(Stored dataset items)
────────────────
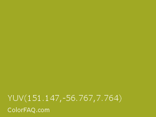 YUV 151.147,-56.767,7.764 Color is a normal yellow color and the nearest color is Citron #9fa91f. Hex code #a0a924 and RGB value is rgb(160,169,36). In RGB color space, this color is composed of 63% red, 66% green, 14% blue, In CMYK color space, this color is composed of 5% cyan, 0% magenta, 79% yellow , 34% black , In HSL color space, this color has a hue angle of 64° , 65% saturation and 40% lightness.
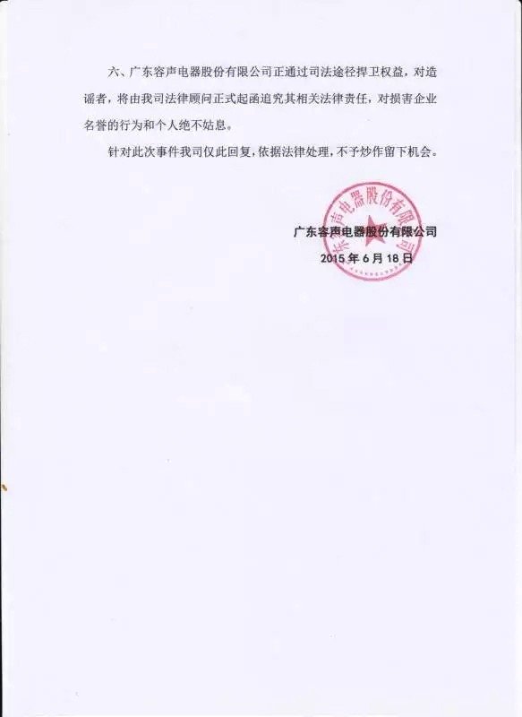 2015年6月17日,某微信公眾號(hào)刊發(fā)未署名帖子,惡意詆毀容聲集成吊頂。對(duì)于此文,廣東容聲電器股份有限公司已正式起函追究其發(fā)布者以及惡意傳播者的法律責(zé)任。
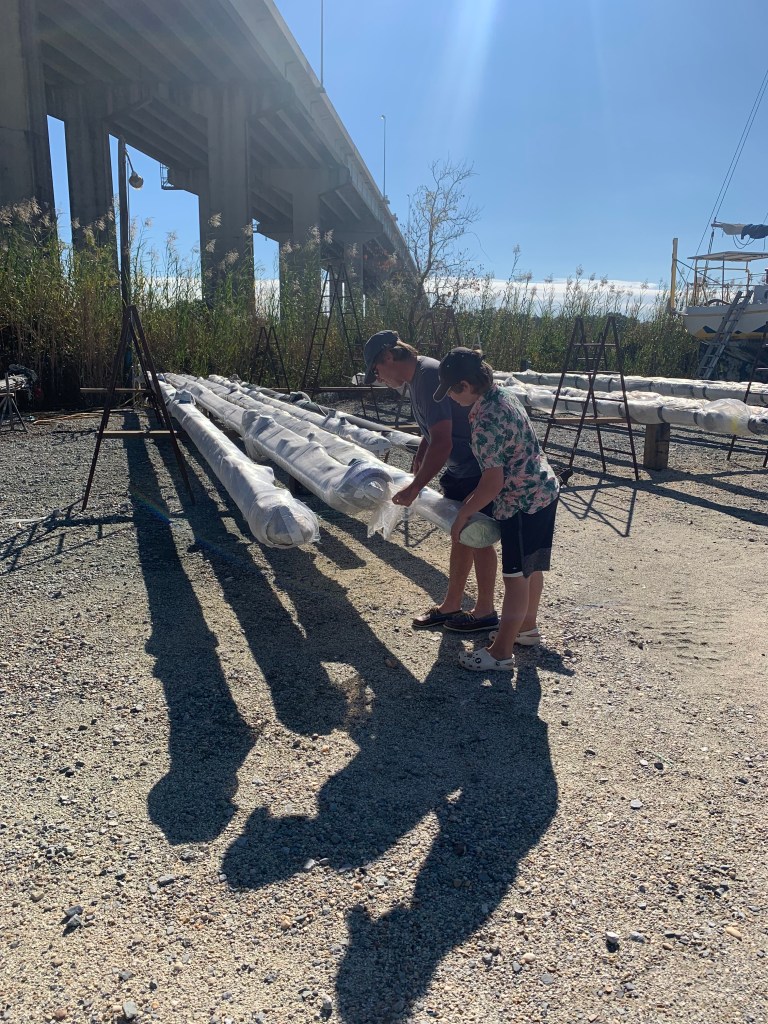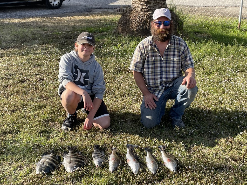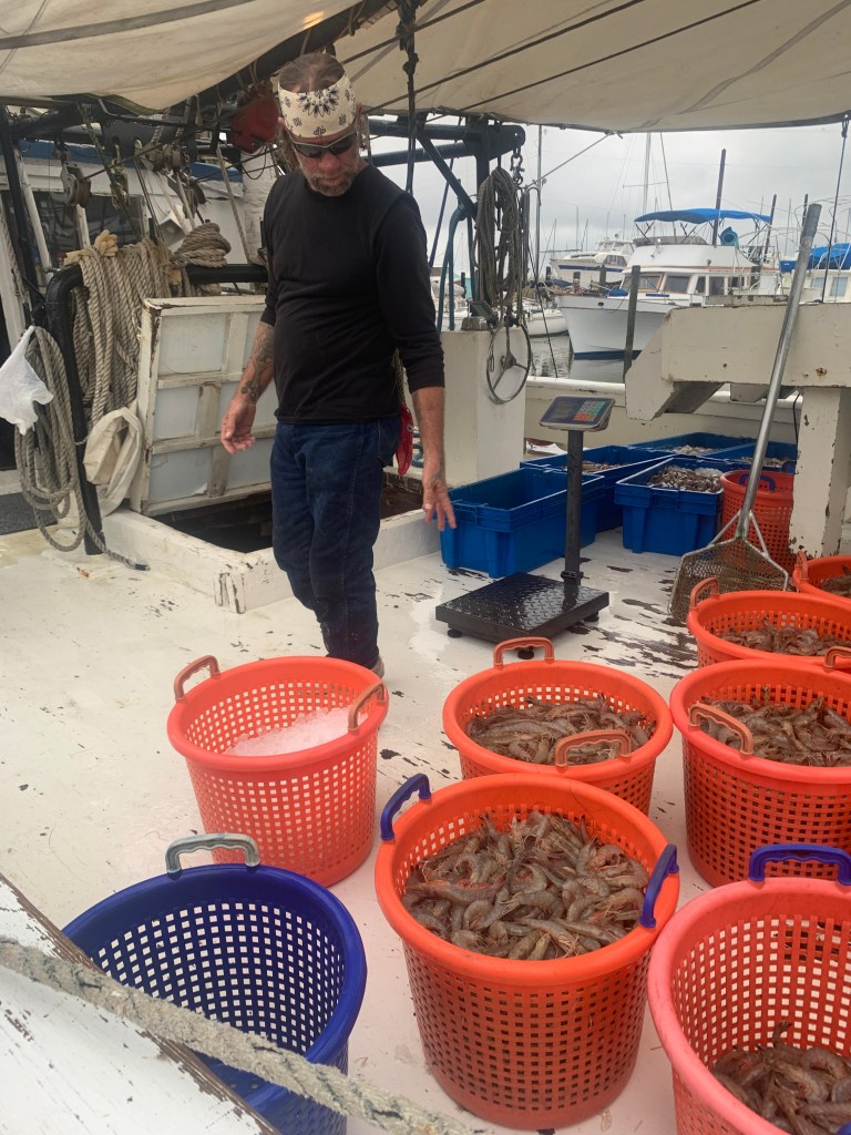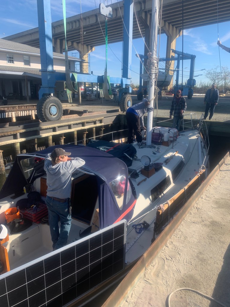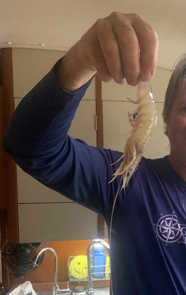 We’ve done a lot since arriving at Turners here in Mobile on November 24th. The most exciting part was getting our mast up. We then put on the jib sail and boom before Jas hoisted me up the mast to tune the rigging. Finally, we are a sailboat again! We are now awaiting the delivery of our mainsail which should be here by December 7th. There are also two shrimp boats that come and go out of here regularly and they sell shrimp! We bought some the other day and it was delicious! 3.5 lbs of massive sized shrimp for $10! We are going to do it again before we leave. Dylan has also had some great success fishing with a new, fast friend, Adam. Using some of the live shrimp they caught sheepshead, red drum and black drum. Adam joined us on Starship that night as we cooked up a seafood feast using their catch and fresh shrimp. It was also the same day the mast went up so we popped open some champagne to celebrate!
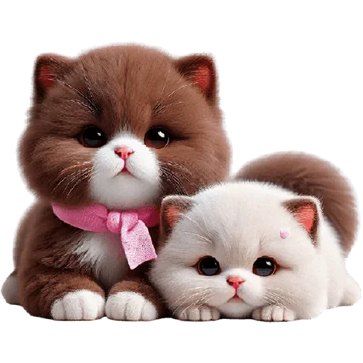 Dois gatinhos fofos, um marrom com uma faixa rosa no pescoço e outro branco, ambos com olhos grandes e expressões adoráveis.
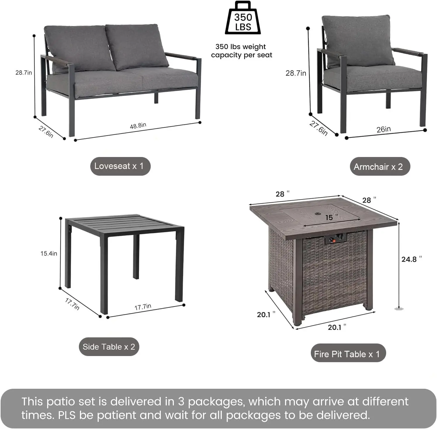 | Size | 2 Armchair+Loveseat+2 Side Table+Firepit Table |
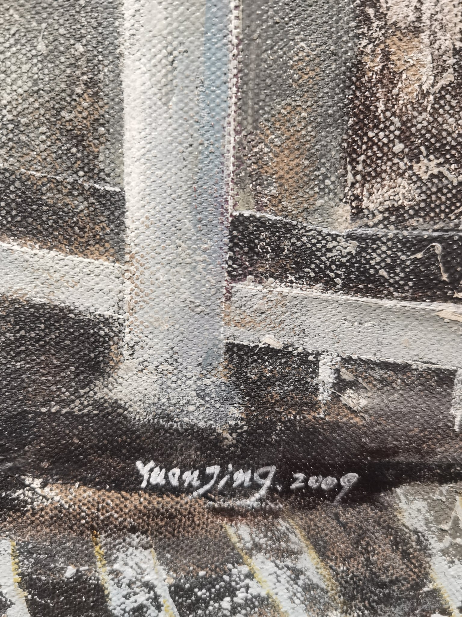 Jing Yuan’s style in this piece draws from urban realism fused with modernist abstraction. The raw surface texture and fractured planes recall elements of Cubism and Brutalism, while the muted palette, punctuated with flashes of red and ochre, evokes post-industrial melancholia. Influences may include Liu Xiaodong’s urban narratives or the structural compositions of early European modernists.
────────────────
== Required work ==
Would you set down every line of the data above exactly, skipping the pictures?

== Exercise answer ==
 YUV 151.147,-56.767,7.764 Color is a normal yellow color and the nearest color is Citron #9fa91f. Hex code #a0a924 and RGB value is rgb(160,169,36). In RGB color space, this color is composed of 63% red, 66% green, 14% blue, In CMYK color space, this color is composed of 5% cyan, 0% magenta, 79% yellow , 34% black , In HSL color space, this color has a hue angle of 64° , 65% saturation and 40% lightness.
 2015年6月17日,某微信公眾號(hào)刊發(fā)未署名帖子,惡意詆毀容聲集成吊頂。對(duì)于此文,廣東容聲電器股份有限公司已正式起函追究其發(fā)布者以及惡意傳播者的法律責(zé)任。
 We’ve done a lot since arriving at Turners here in Mobile on November 24th. The most exciting part was getting our mast up. We then put on the jib sail and boom before Jas hoisted me up the mast to tune the rigging. Finally, we are a sailboat again! We are now awaiting the delivery of our mainsail which should be here by December 7th. There are also two shrimp boats that come and go out of here regularly and they sell shrimp! We bought some the other day and it was delicious! 3.5 lbs of massive sized shrimp for $10! We are going to do it again before we leave. Dylan has also had some great success fishing with a new, fast friend, Adam. Using some of the live shrimp they caught sheepshead, red drum and black drum. Adam joined us on Starship that night as we cooked up a seafood feast using their catch and fresh shrimp. It was also the same day the mast went up so we popped open some champagne to celebrate!
 Dois gatinhos fofos, um marrom com uma faixa rosa no pescoço e outro branco, ambos com olhos grandes e expressões adoráveis.
 | Size | 2 Armchair+Loveseat+2 Side Table+Firepit Table |
 Jing Yuan’s style in this piece draws from urban realism fused with modernist abstraction. The raw surface texture and fractured planes recall elements of Cubism and Brutalism, while the muted palette, punctuated with flashes of red and ochre, evokes post-industrial melancholia. Influences may include Liu Xiaodong’s urban narratives or the structural compositions of early European modernists.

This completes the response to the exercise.